> **Information provided**:
--- START ---

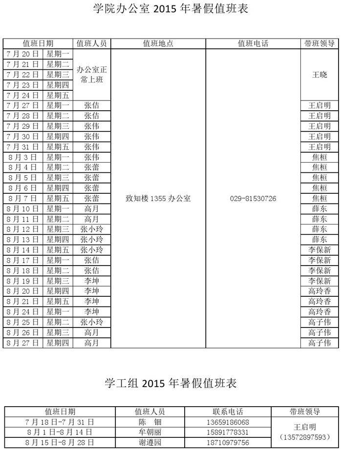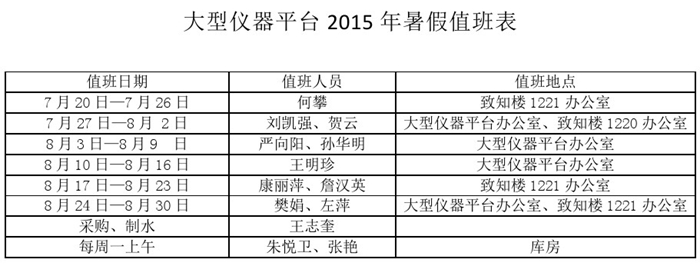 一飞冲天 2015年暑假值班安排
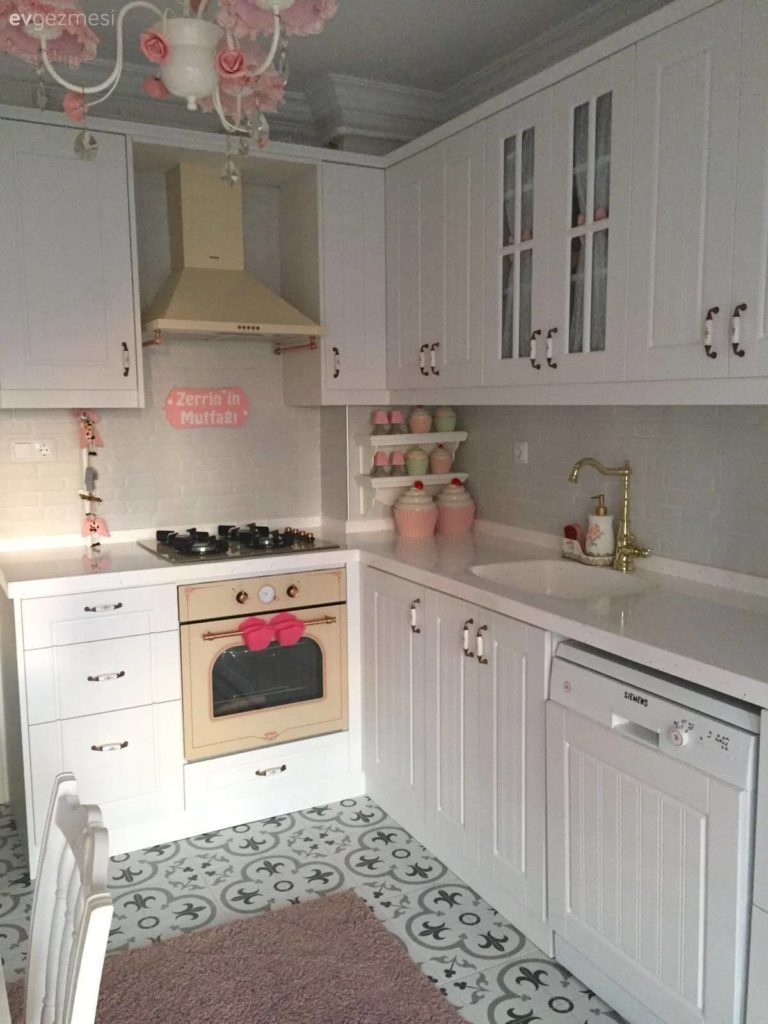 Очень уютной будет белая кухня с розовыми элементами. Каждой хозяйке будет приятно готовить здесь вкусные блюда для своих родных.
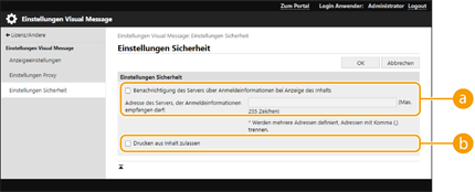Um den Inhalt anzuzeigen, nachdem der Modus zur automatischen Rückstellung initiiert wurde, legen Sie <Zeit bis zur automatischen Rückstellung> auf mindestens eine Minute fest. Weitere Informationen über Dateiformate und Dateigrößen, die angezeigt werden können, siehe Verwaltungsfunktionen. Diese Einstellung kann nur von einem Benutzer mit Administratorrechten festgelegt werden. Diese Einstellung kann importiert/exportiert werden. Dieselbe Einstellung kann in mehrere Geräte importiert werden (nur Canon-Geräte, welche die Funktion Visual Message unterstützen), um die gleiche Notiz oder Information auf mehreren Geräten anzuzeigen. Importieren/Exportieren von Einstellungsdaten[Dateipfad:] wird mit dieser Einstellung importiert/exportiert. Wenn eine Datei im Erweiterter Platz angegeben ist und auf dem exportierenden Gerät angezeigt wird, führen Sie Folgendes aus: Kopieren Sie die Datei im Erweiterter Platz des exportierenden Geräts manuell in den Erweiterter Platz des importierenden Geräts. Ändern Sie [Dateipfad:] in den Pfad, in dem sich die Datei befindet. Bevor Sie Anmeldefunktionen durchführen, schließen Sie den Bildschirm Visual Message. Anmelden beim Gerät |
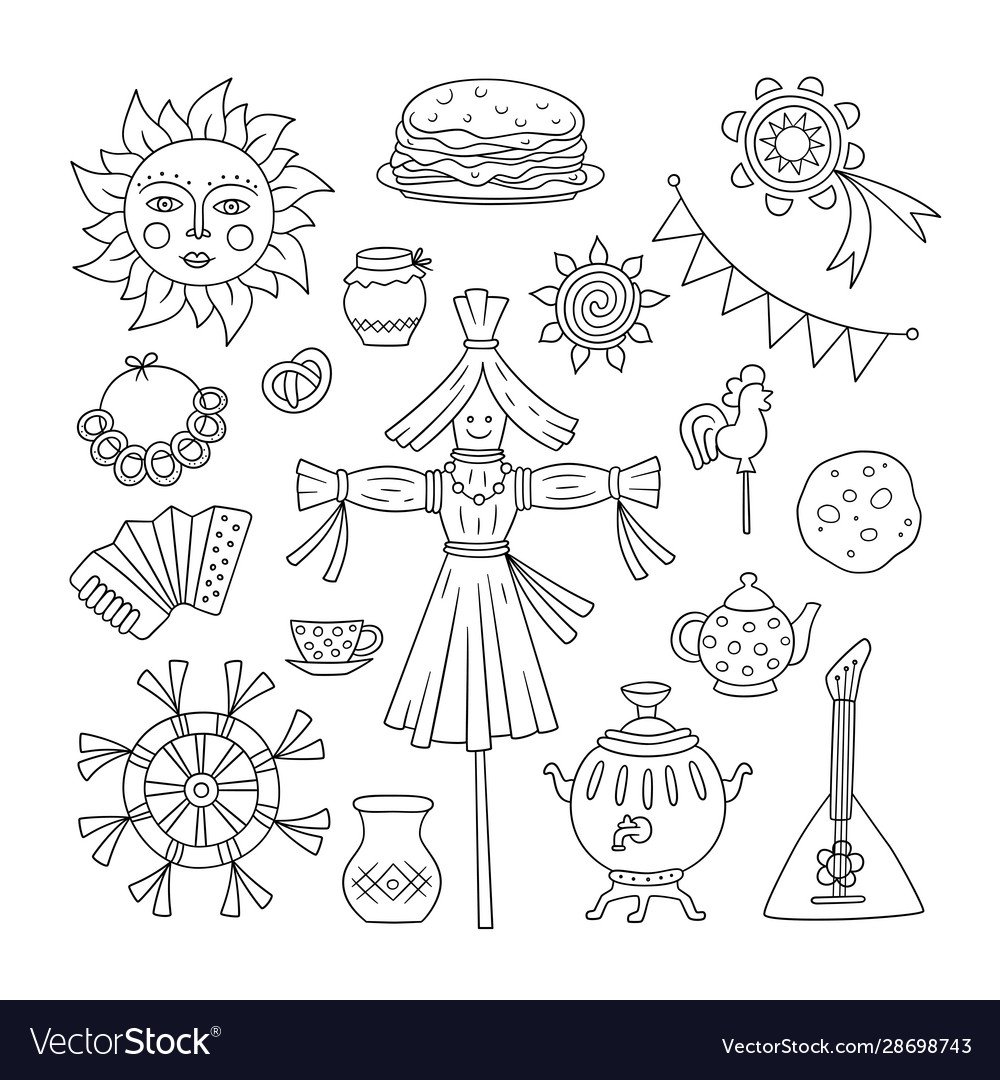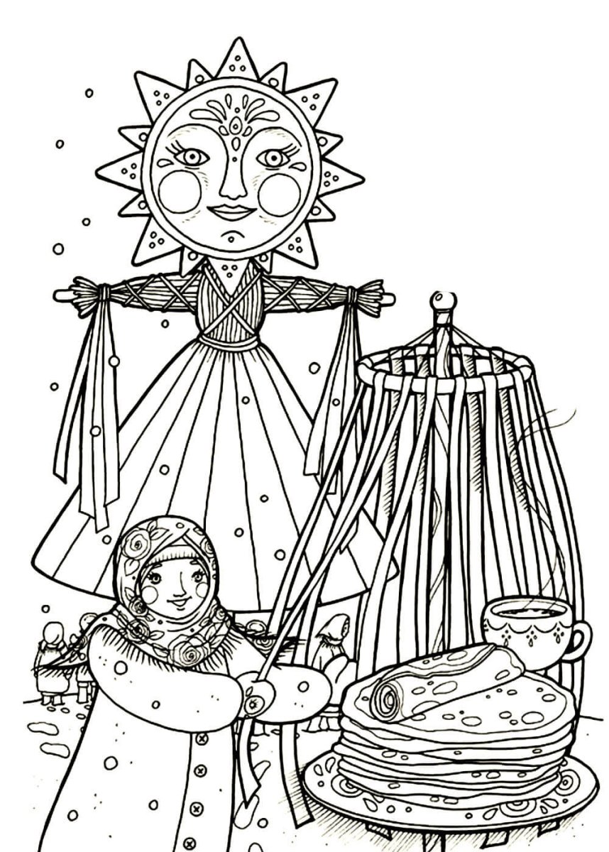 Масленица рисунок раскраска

--- END ---

> **Problem details**: An unaltered copy of the material, without images, should be set down.

> **Written answer**:
 一飞冲天 2015年暑假值班安排
 Очень уютной будет белая кухня с розовыми элементами. Каждой хозяйке будет приятно готовить здесь вкусные блюда для своих родных.
Um den Inhalt anzuzeigen, nachdem der Modus zur automatischen Rückstellung initiiert wurde, legen Sie <Zeit bis zur automatischen Rückstellung> auf mindestens eine Minute fest. Weitere Informationen über Dateiformate und Dateigrößen, die angezeigt werden können, siehe Verwaltungsfunktionen. Diese Einstellung kann nur von einem Benutzer mit Administratorrechten festgelegt werden. Diese Einstellung kann importiert/exportiert werden. Dieselbe Einstellung kann in mehrere Geräte importiert werden (nur Canon-Geräte, welche die Funktion Visual Message unterstützen), um die gleiche Notiz oder Information auf mehreren Geräten anzuzeigen. Importieren/Exportieren von Einstellungsdaten[Dateipfad:] wird mit dieser Einstellung importiert/exportiert. Wenn eine Datei im Erweiterter Platz angegeben ist und auf dem exportierenden Gerät angezeigt wird, führen Sie Folgendes aus: Kopieren Sie die Datei im Erweiterter Platz des exportierenden Geräts manuell in den Erweiterter Platz des importierenden Geräts. Ändern Sie [Dateipfad:] in den Pfad, in dem sich die Datei befindet. Bevor Sie Anmeldefunktionen durchführen, schließen Sie den Bildschirm Visual Message. Anmelden beim Gerät |
 Масленица рисунок раскраска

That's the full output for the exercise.